(Stored items)
-------
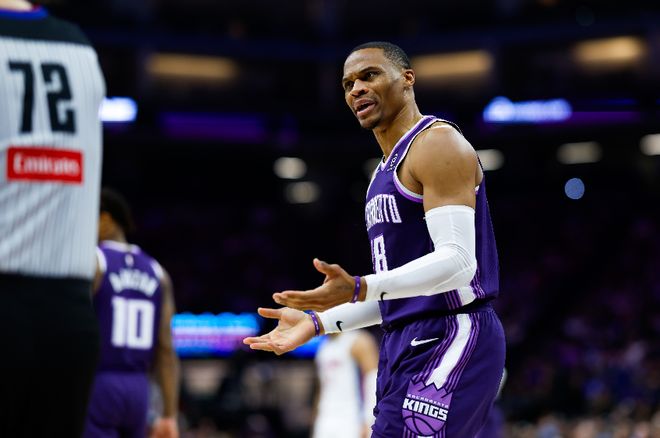 国王队这边,威少效率不高,投篮8中3,三分3中1,得到7分2篮板2助攻。
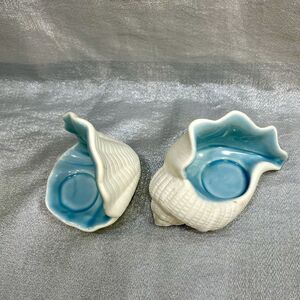 Ceramic Sea Shell Tea Light Candle Holders Set of 2
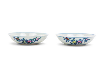 A Small Pair of Chinese Doucai Porcelain Dishes
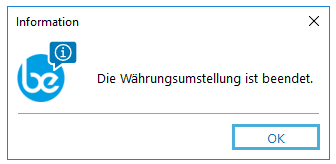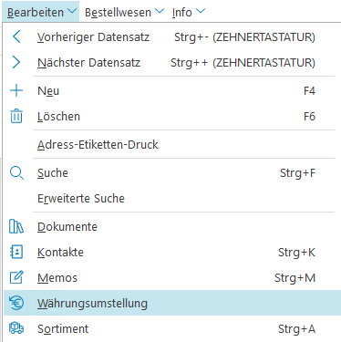 Wird die Währung eines Zulieferers geändert (z.B. auf Euro), wird der Anwender automatisch gefragt, ob der vorhandene Bestellbestand in die neue Währung umgerechnet werden soll. Dies kann dann sinnvoll sein, wenn alle zukünftigen Bestellungen ab sofort in der neuen Währung erscheinen sollen. Wird die Frage zu diesem Umstellungszeitpunkt mit Nein beantwortet, kann der aktuelle Bestellbestand auch nachträglich über die Funktion Währungsumstellung umgestellt werden.
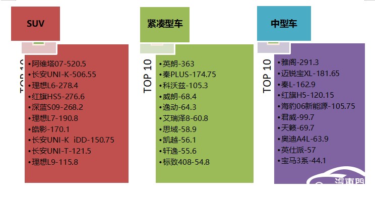 SUV榜单TOP10中,长安旗下四款车型上榜,理想三车入围。阿维塔07强势登顶,老车型停产引发了车主的集中投诉。长安UNI-K紧随其后,车机一直不升级招致了大量老车主的不满。尽管投诉声量减弱,但理想L系列三款车型依然上榜。此外,皓影的遮阳帘卡扣断裂问题本月又遭到了很多车主集中投诉。
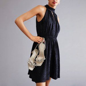 Classic timeless size S black HTF By Anthropologie Halter Neck Mini Dress in a fun animal print. NWT.
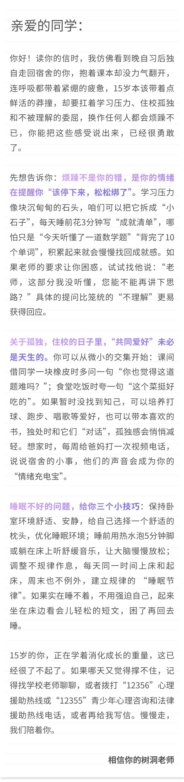 一位15岁高中男生:感觉烦躁,没有开心的事情!学习压力大,老师不理解,没有共同爱好的同学,三年住校,一个月才能回家一次,晚上睡不好。
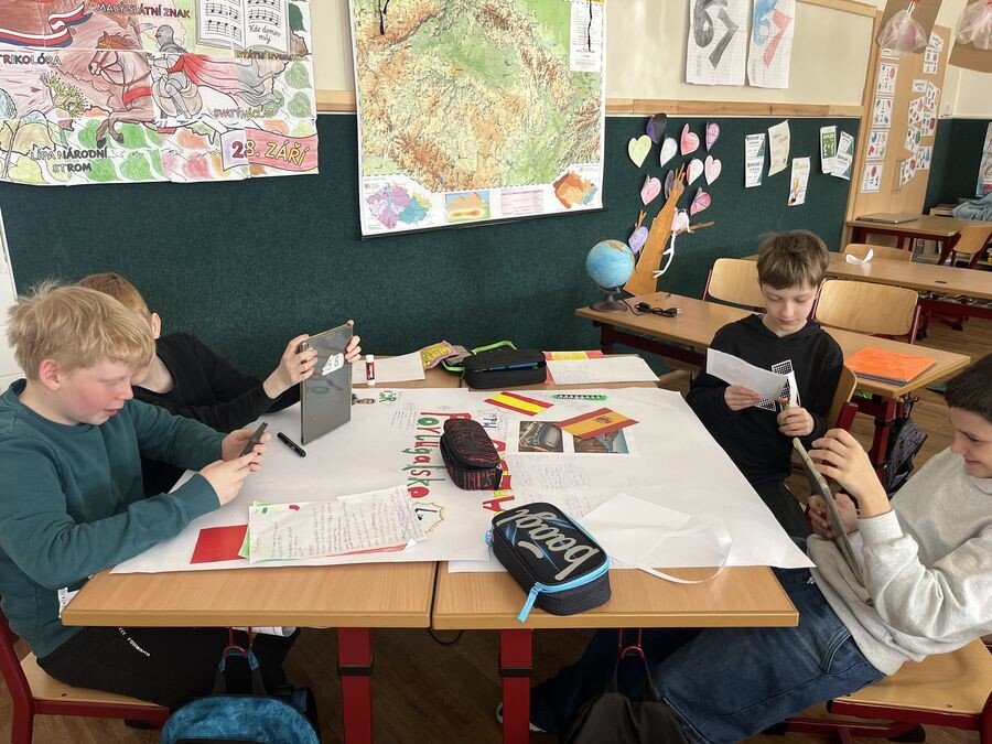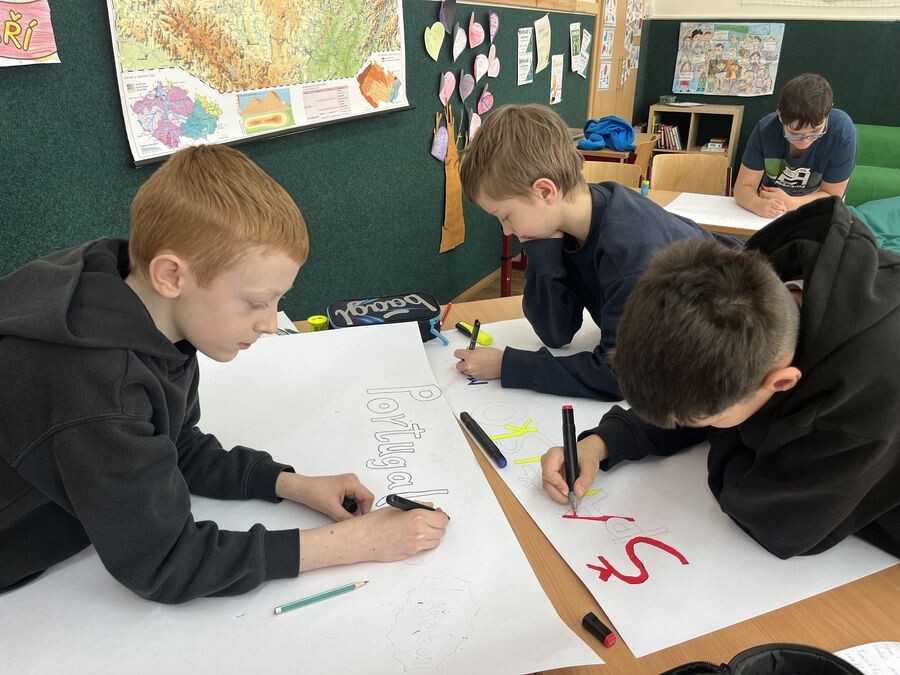 Projekt o Evropě nás moc bavil. Naučili jsme se spoustu nových informací a pracovali jsme různými způsoby – ve skupinách, na mapách, s glóbusy a s moderní technikou, ale i hrou. V hudební výchově jsme si zazpívali rytmickou píseň Napříč kontinenty. Na tabuli jsme si vytvořili vlastní mapu.
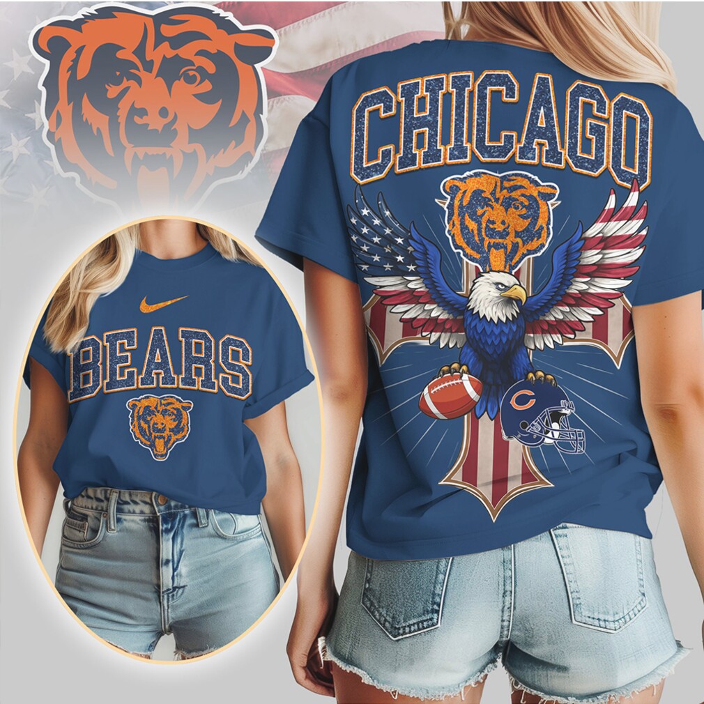 Chicago Bears Patriotic Eagle American Flag Cross NFL Football T Shirt
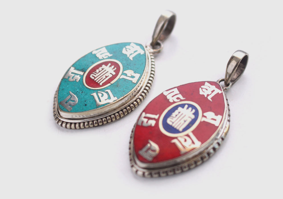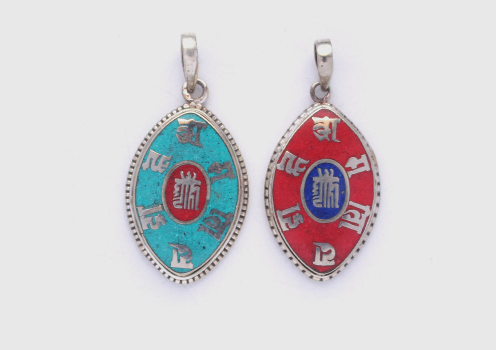 Om Mani Tibetan Kalachakra White Metal Tibetan Pendant
-------
(What you are asked to do) An exact copy of every entry above is required, without the pictures.

(Result of this exercise)
 国王队这边,威少效率不高,投篮8中3,三分3中1,得到7分2篮板2助攻。
 Ceramic Sea Shell Tea Light Candle Holders Set of 2
 A Small Pair of Chinese Doucai Porcelain Dishes
 Wird die Währung eines Zulieferers geändert (z.B. auf Euro), wird der Anwender automatisch gefragt, ob der vorhandene Bestellbestand in die neue Währung umgerechnet werden soll. Dies kann dann sinnvoll sein, wenn alle zukünftigen Bestellungen ab sofort in der neuen Währung erscheinen sollen. Wird die Frage zu diesem Umstellungszeitpunkt mit Nein beantwortet, kann der aktuelle Bestellbestand auch nachträglich über die Funktion Währungsumstellung umgestellt werden.
 SUV榜单TOP10中,长安旗下四款车型上榜,理想三车入围。阿维塔07强势登顶,老车型停产引发了车主的集中投诉。长安UNI-K紧随其后,车机一直不升级招致了大量老车主的不满。尽管投诉声量减弱,但理想L系列三款车型依然上榜。此外,皓影的遮阳帘卡扣断裂问题本月又遭到了很多车主集中投诉。
 Classic timeless size S black HTF By Anthropologie Halter Neck Mini Dress in a fun animal print. NWT.
 一位15岁高中男生:感觉烦躁,没有开心的事情!学习压力大,老师不理解,没有共同爱好的同学,三年住校,一个月才能回家一次,晚上睡不好。
 Projekt o Evropě nás moc bavil. Naučili jsme se spoustu nových informací a pracovali jsme různými způsoby – ve skupinách, na mapách, s glóbusy a s moderní technikou, ale i hrou. V hudební výchově jsme si zazpívali rytmickou píseň Napříč kontinenty. Na tabuli jsme si vytvořili vlastní mapu.
 Chicago Bears Patriotic Eagle American Flag Cross NFL Football T Shirt
 Om Mani Tibetan Kalachakra White Metal Tibetan Pendant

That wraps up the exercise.